E' anche il caso di rimuovere i due ugelli dell'impianto lavavetro, basta aprire il cofano, staccare i due tubi in gomma e poi far scattare gli ugelli verso l'esterno premendo sulle alette di fissaggio. Anche la targa anteriore deve essere rimossa.


INDIVIDUAZIONE DELL'ASSE DI SIMMETRIA:

Per tracciare due strisce assolutamente diritte è necessario individuare l'ideale asse di simmetria dell'auto: io ho misurato la distanza tra punti di riferimento successivi (bordi dei cofani, viti di fissaggio dell'HT) segnando la metà esatta con un pezzetto triangolare di nastro da carrozziere .

Ho ripetuto il processo circa ogni 30 cm dal simbolo Mazda sul muso fino a quello sulla coda. Dal simbolo Mazda in giù sia sul muso sia sulla coda ho invece usato del filo a piombo (tenuto dall'aiutante di turno).

Poi ho unito tutti i riferimenti con una singola passata di nastro da 20mm, stando attento a non fare curve e "mirando" almeno due riferimenti successivi prima di far aderire il nastro.

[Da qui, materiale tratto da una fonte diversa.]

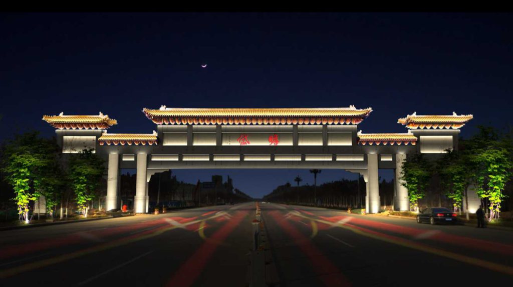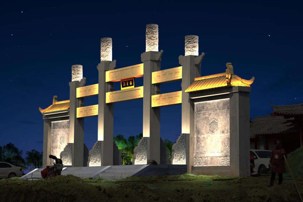 This structure exemplifies Ancient Building Lighting Design and Landmark Building Lighting Design. Under Cultural tourism lighting planning and design, we deployed architectural lighting design and floodlighting design to accent its carved details and golden roof, while outdoor lighting design illuminates the road and flanking greenery. The scheme frames it as a distinctive cultural tourism entrance landmark.

Consiglio di passare anche sul parabrezza e sul lunotto in modo da facilitare il controllo "ad occhio".

Alla fine del processo l'auto risultata ESATTAMENTE divisa in due metà uguali.
A questo punto non resta che tracciare la larghezza desiderata per lo spazio tra le strisce usando altre due passate di nastro da 20 mm.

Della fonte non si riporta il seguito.